=== ABOUT THIS EXERCISE ===
Each line from the one that holds "Face to face with the Titan" to the end of the entries is to be given again exactly. Do not include pictures.

┌────────

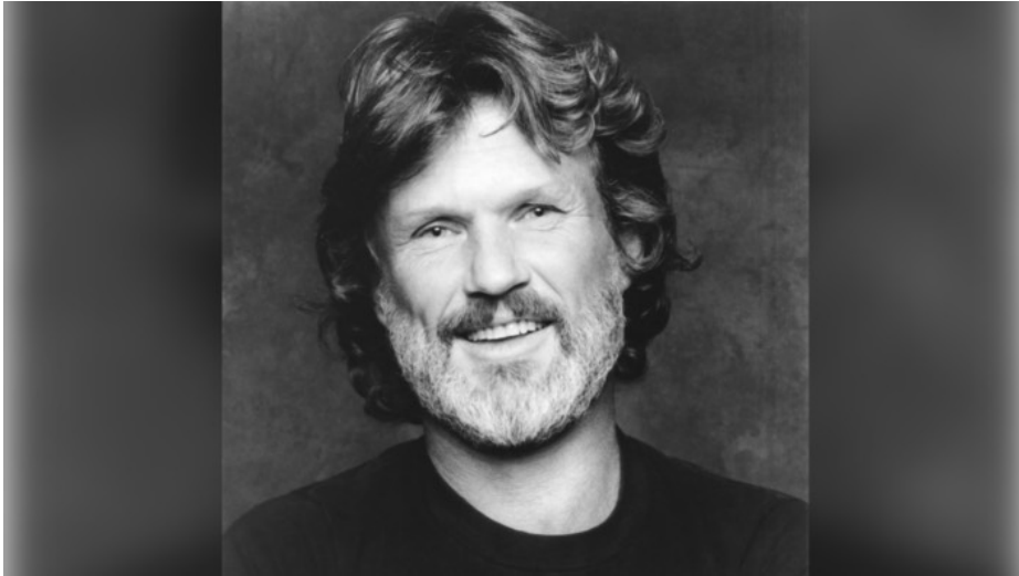
Kris Kristofferson.

Country Music Hall of Fame member Kris Kristofferson passed away at his home in Maui, Hawaii on Saturday (Sept. 28) at age 88.
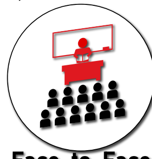
Face-to-Face (On Campus)

In a hybrid class, course activity occurs both online and face-to-face on-campus; both the online and on-campus portion are required. The on-campus meetings occur at scheduled days and times. All online content is delivered in Canvas and Zoom.
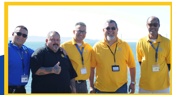
Options' Outreach Team provides community outreach services for up to 300 community residents per year

Set to begin in the next few weeks, Options, with a contract from the City of Berkeley, will be providing mobile community outreach services to community centers, city residents, and homeless encampments. This innovative program will be providing onsite screening for treatment eligibility and will be bringing services to people in need rather than just referring people to other agencies. The program will be staffed by "Navigators" with lived experiences and trained by Options.
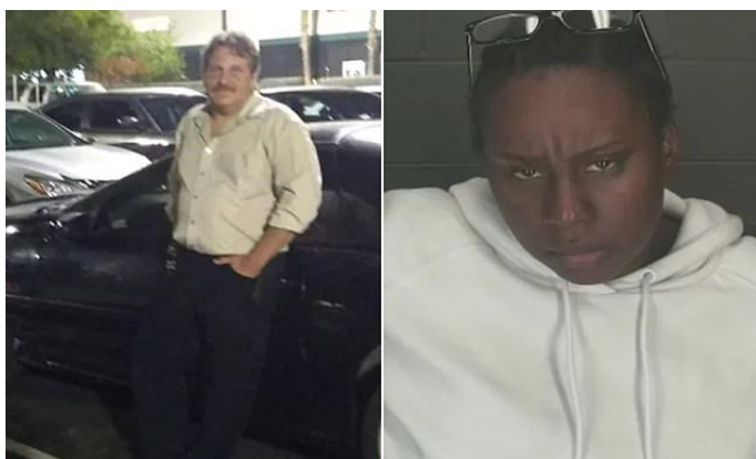
California grandpa, 59, is shot and killed
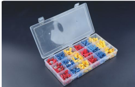
Value Pack: N-175(plastic box) 175 PCS 18 TYPE Assortment
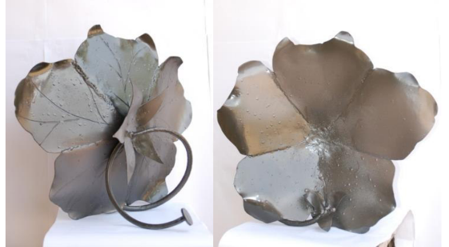
Plate16: Multifaceted, 50x53cm, Sheet metal, iron rods and bearings, 1012
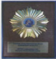
EUROPEAN QUALITY AWARD AND CERTIFICATE
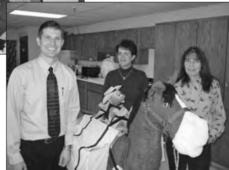
Below: The group briefly reigns in Pecos Pete, Bethesda's favorite equestrian resident.

get to know the residents personally as well.
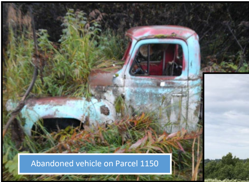
Abandoned vehicle on Parcel 1150
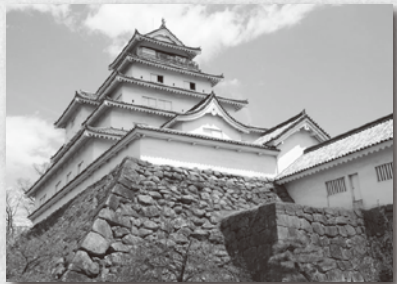
Aizu-Wakamatsu, which used to be a castle town during the Edo Period (1603-1867)
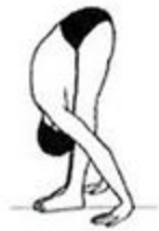
Uttanasana 5 min.
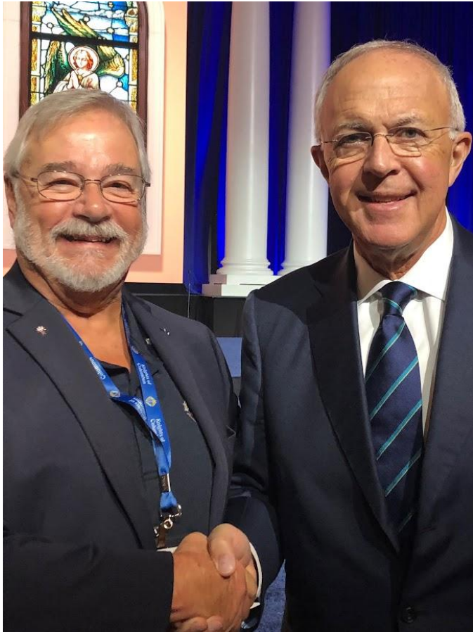
140th Supreme Convention
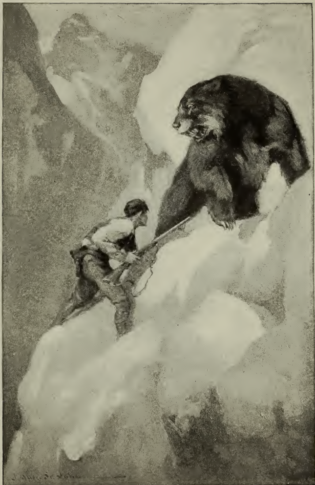
Face to face with the Titan
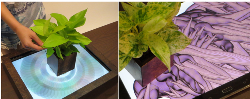
Figure 1. Interaction of Flora Touch

We carefully chose plants based on scientific evidence, aesthetic qualities and our initial observations. We aim for the level of touch to be not only beneficial to humans as it generates soothing feelings, but also to plants development as well. Researchers found gently rubbing leaves or caressing plants between the thumb and forefinger can trigger plant defense system and can gradually become more resistant to various pathogens [17]. In this paper, we will introduce two small projects ( Flora Touch and Grass ) of Touchology .
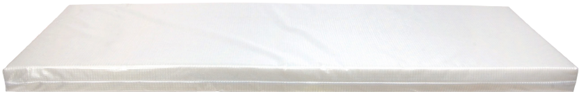
DP Core, Clear Vinyl Cover

└────────

=== RESULT FOR THIS EXERCISE ===
Face to face with the Titan
Figure 1. Interaction of Flora Touch

We carefully chose plants based on scientific evidence, aesthetic qualities and our initial observations. We aim for the level of touch to be not only beneficial to humans as it generates soothing feelings, but also to plants development as well. Researchers found gently rubbing leaves or caressing plants between the thumb and forefinger can trigger plant defense system and can gradually become more resistant to various pathogens [17]. In this paper, we will introduce two small projects ( Flora Touch and Grass ) of Touchology .
DP Core, Clear Vinyl Cover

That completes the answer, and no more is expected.